Closed-Loop RAG: Architecting self-correction via real-time metric orchestration
Dec 24, 2025
The "Fragility" Problem in Open-Loop RAG
We often notice in our projects that standard RAG systems break easily. The standard “Naive RAG” setup is an open-loop chain:
Input -> Retrieval -> Generation -> Output
The fragility stems from the fact that Retrieval and Generation are stochastic.
Retrieval is stochastic
Vector similarity
Approximate nearest neighbour search
Embedding noise
Randomness in ranking
Context window limits - small embedding differences can change the top-k documents
Generation is stochastic
Token sampling
Temperature
Model randomness
Prompt sensitivity - LLM can hallucinate or drift unpredictably
If the retriever returns weak or irrelevant chunks, the generator will likely produce a weak answer. Even when retrieval is effective, the LLM can still hallucinate or stray off-topic. In an open loop, these errors silently reach the user.
To take RAG from a demo to something an enterprise can trust, we can incorporate a basic idea from Control Theory - feedback.
A reliable RAG system can’t be a linear pipeline. It should be a process that monitors itself and fixes issues on the fly.
That’s where Agentic AI becomes a control layer - detecting deviations and correcting them immediately. This article breaks the Self-Healing RAG design into three phases:
Phase 1: Rigorous instrumentation
You can’t heal what you can’t see. For a RAG system to fix itself, we need to measure the health of the Retriever and the Generator separately. They fail for different reasons, so their metrics must differ accordingly.
1. Retriever metrics
These metrics tell us whether the LLM has any chance at all. If the context is noisy or incomplete, the rest of the system cannot compensate.
Context precision: What portion of the retrieved chunks were relevant to the query? Low precision means the LLM is forced to read noise.
Context recall: Did we retrieve enough information to answer the question? Critical for multi-hop or reasoning-heavy tasks.
Hit rate: How often the correct document appears in the top-k results.
But how do we measure precision without ground truth?
This is a practical problem because, at runtime, we don’t have a human-verified “correct” document to compare against. So, instead of classical IR precision, we use a real-time relevance check.

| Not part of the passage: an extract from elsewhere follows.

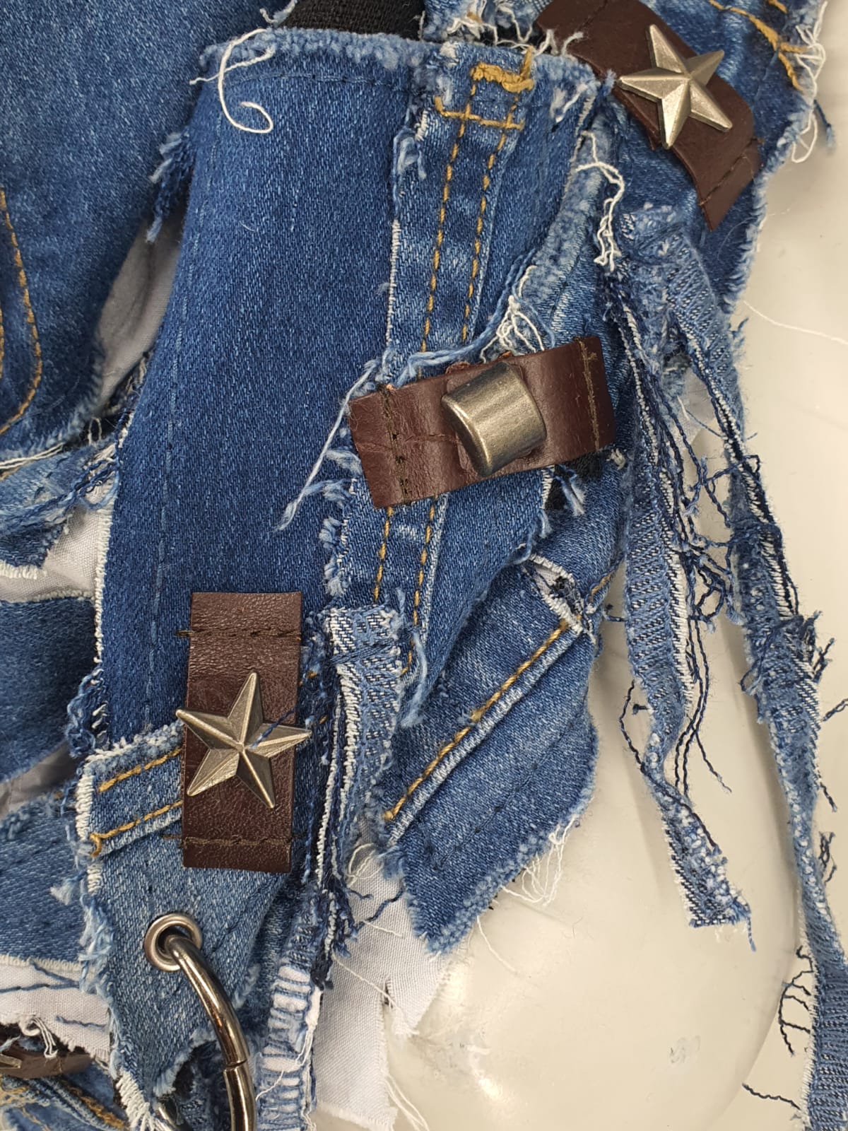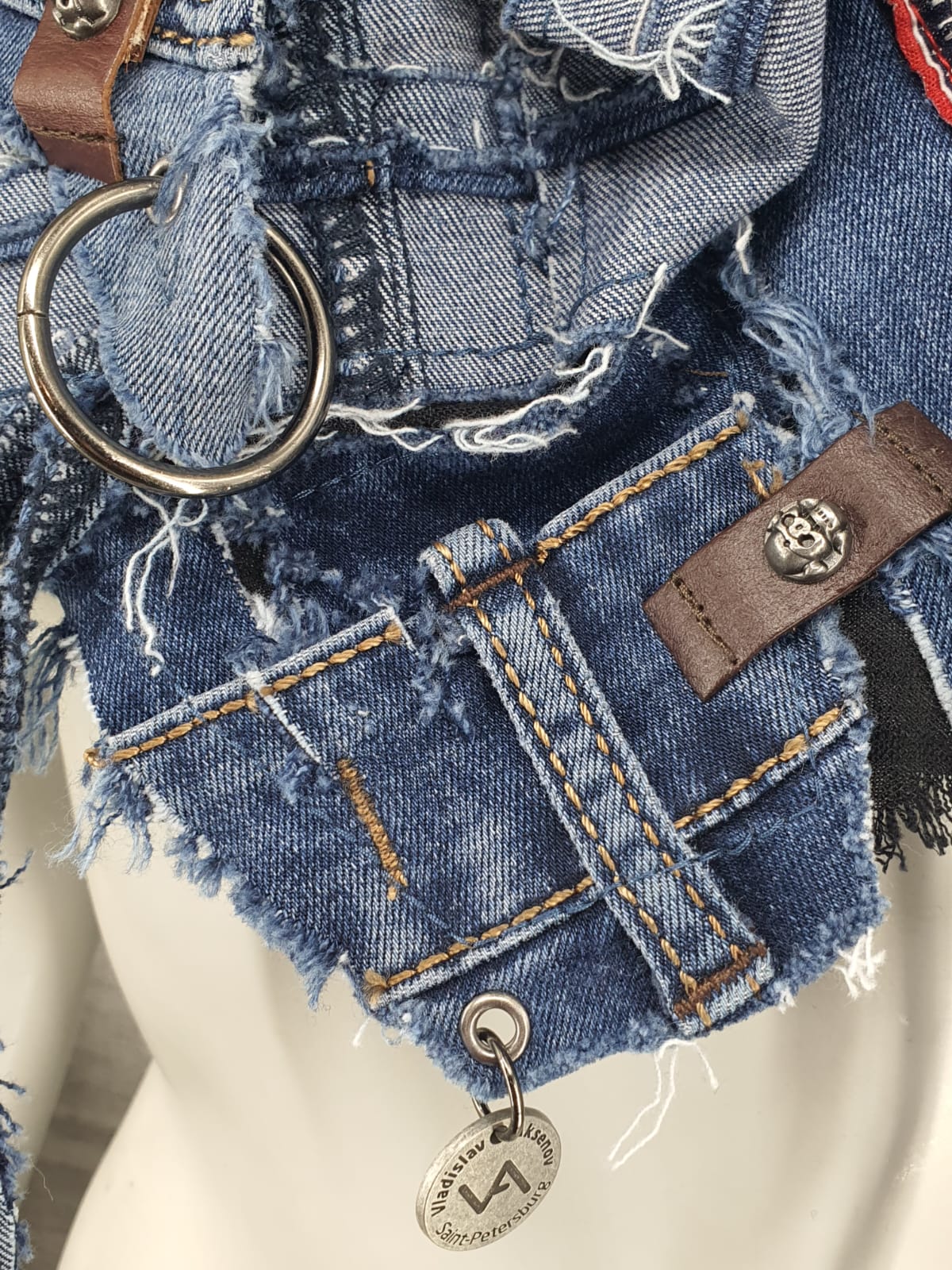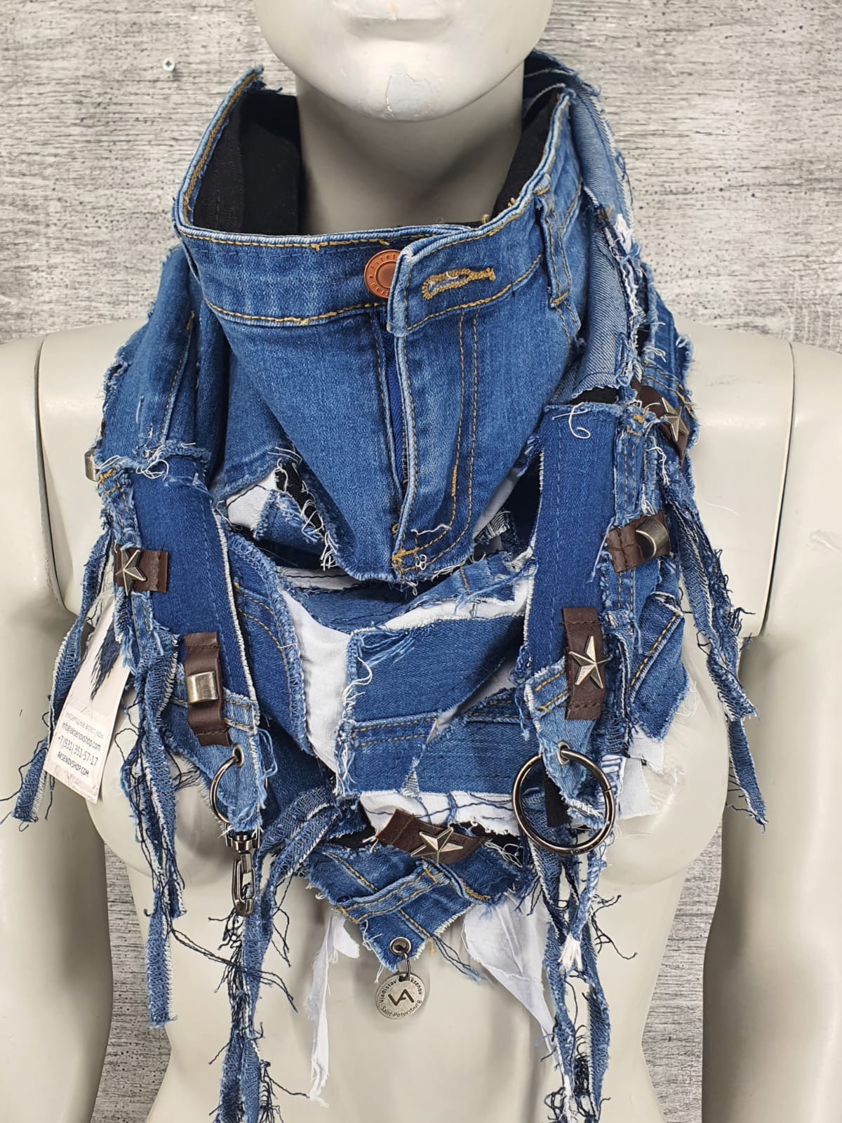 Шарф из синих джинсов на чёрной хлопковой основе, декорирован кожаными нашивками.

In simple terms, we let a small LLM act as a judge and ask it: “Is this chunk useful for answering the user's question?” If the judge says “yes,” we count it. If it says “no,” we treat it as noise.
This becomes our runtime precision:
Precision = Number of relevant chunks / Total chunks retrieved
This approach works surprisingly well in enterprise settings.
Some teams also combine this with lightweight similarity checks or re-rankers, but the basic idea remains the same - estimate precision through semantic relevance, not ground truth.
2. Generator metrics
Even with perfect retrieval, the model can drift, hallucinate, or misinterpret the user. So, we measure the generator independently.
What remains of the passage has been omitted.